====== Task input

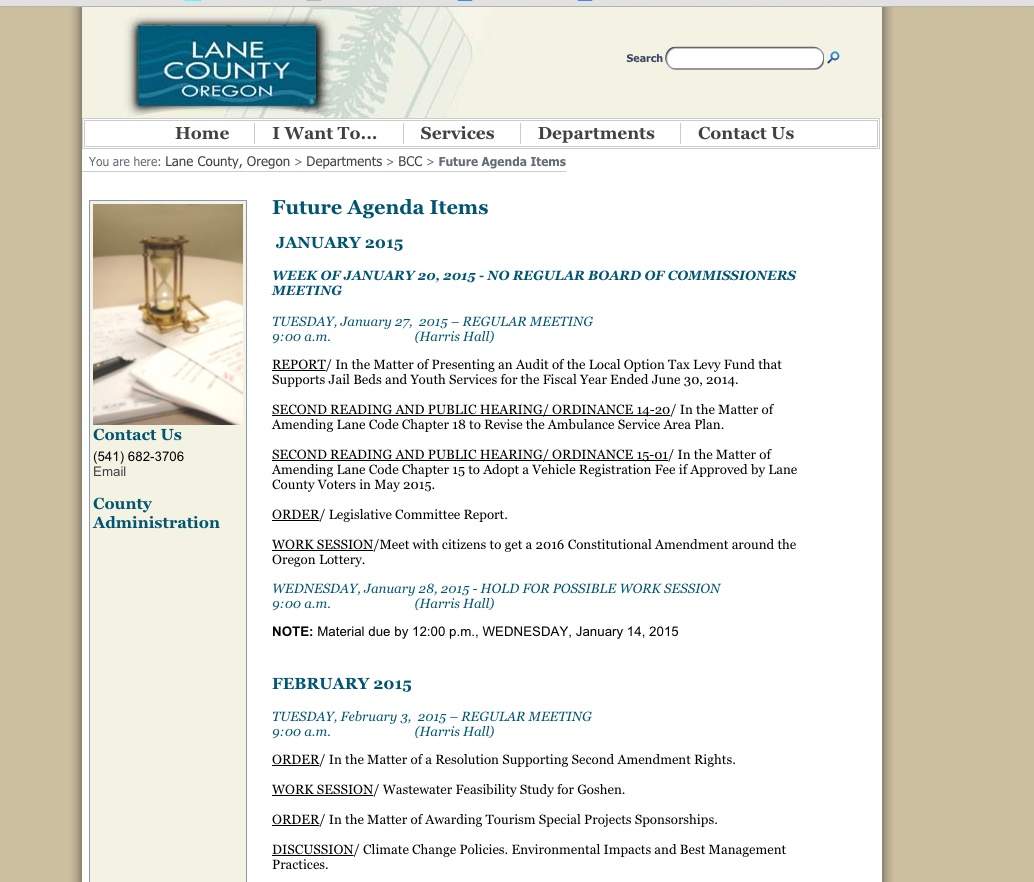 Obviously the commission is seeking to hide from the coming attacks on the citizens of Lane County. It makes no sense to consider possible action long after the damage has been done.
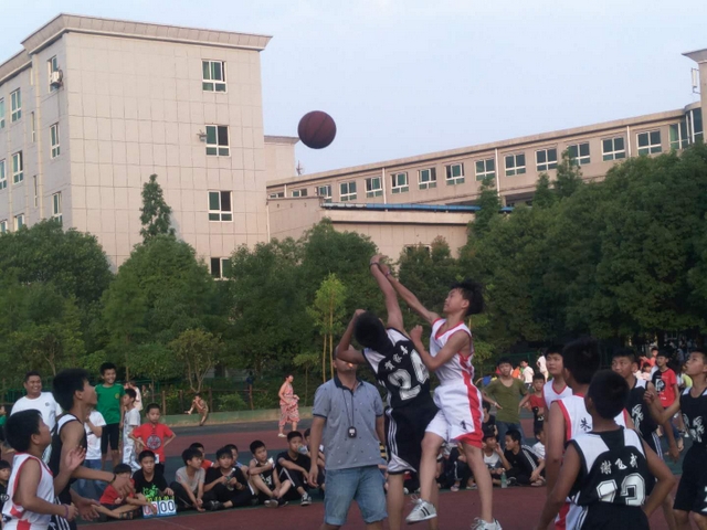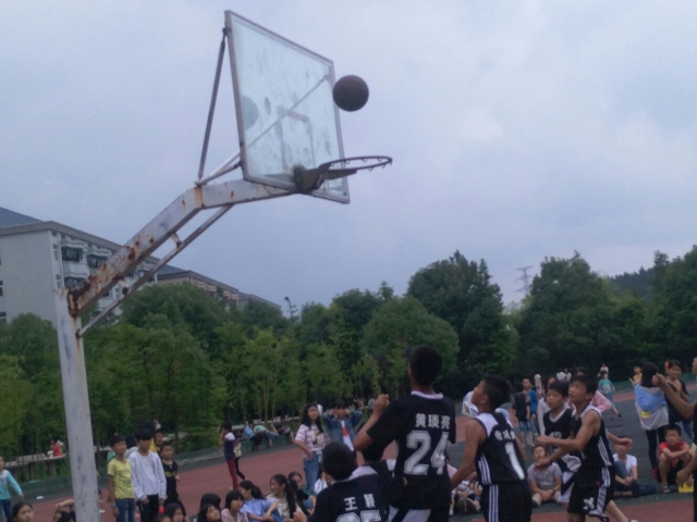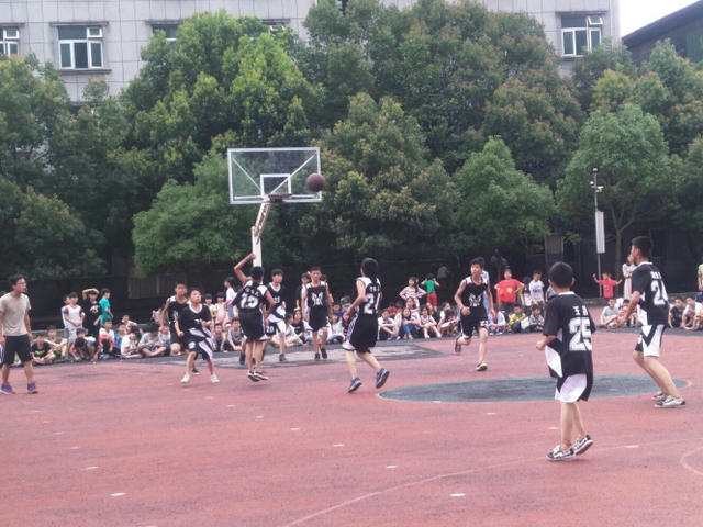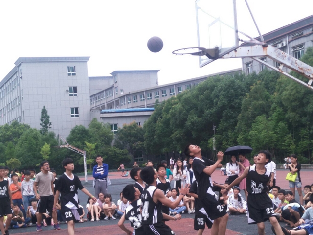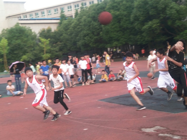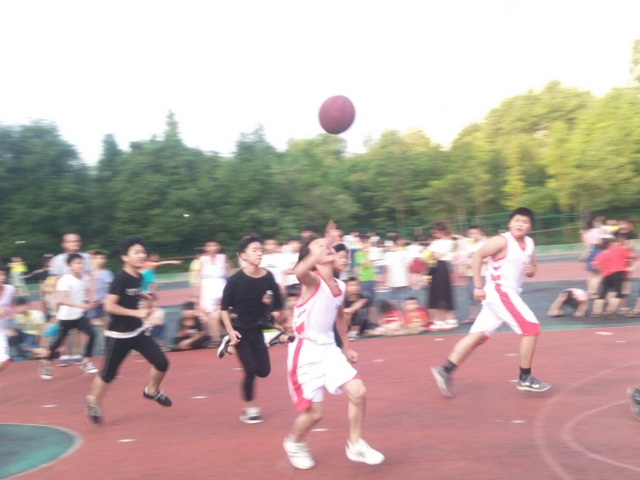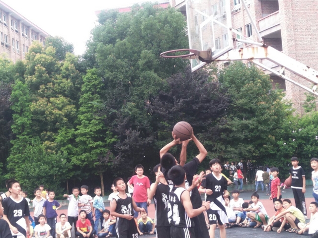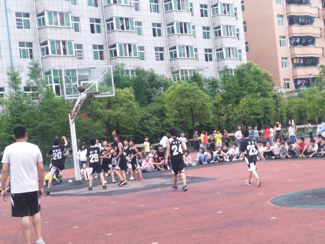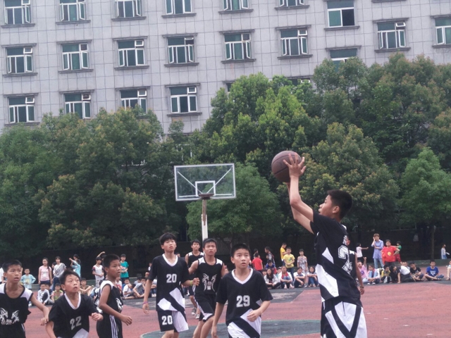 13日上午第四节11∶10,最激动人心的时刻——冠军争霸来临了。着黑色无袖球衣的是275班的健将,着黑色短袖球衣的是276班的健将。六年级全体师生将球场四周围得水泄不通。场上两军对峙,犹如上山虎遇下山虎,你追我堵,左冲右突,险象环生,真可谓棋逢对手,将遇良才。上半场276班所向披靡,连中“三元”,队员情绪格外高昂。场外观众心都提到了嗓子眼,心随物动,情随心生,一会儿喝彩!一会儿叹惜!一会儿怒吼!一会儿骄傲!275班拼死鏖战,终于投进一球,实现“0”的突破,2∶12结束上半场比赛。
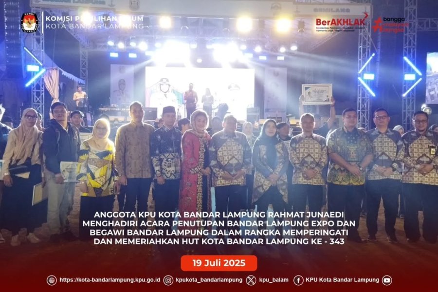Anggota Komisi Pemilihan Umum Kota Bandar Lampung Rahmat Junaedi menghadiri Acara Penutupan Bandar Lampung EXPO dan Begawi Bandar Lampung dalam rangka memperingati
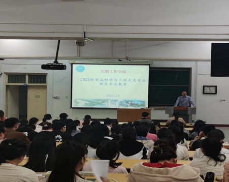 会议开始,田金河和徐小博主任分别向同学们详细介绍了我院食品科学与工程和酿酒工程专业的发展情况以及毕业后可以从事的职业,并一一介绍了相关专业的教师,希望同学们能够对自己所学的专业有清晰的认识。
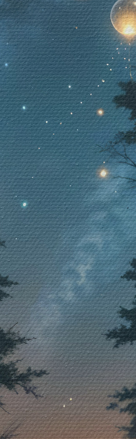 Peinture Une forêt magique la nuit, avec des orbes jaunes et des lucioles flottant entre les arbres, créant une atmosphère fantaisiste Art. s41259

============

# Exercise objective:
Give back, word for word, the lines from the one containing "会议开始,田金河和徐小博主任" through the last line of the listing above; include both ends and exclude the pictures.

# Finished task:
 会议开始,田金河和徐小博主任分别向同学们详细介绍了我院食品科学与工程和酿酒工程专业的发展情况以及毕业后可以从事的职业,并一一介绍了相关专业的教师,希望同学们能够对自己所学的专业有清晰的认识。
 Peinture Une forêt magique la nuit, avec des orbes jaunes et des lucioles flottant entre les arbres, créant une atmosphère fantaisiste Art. s41259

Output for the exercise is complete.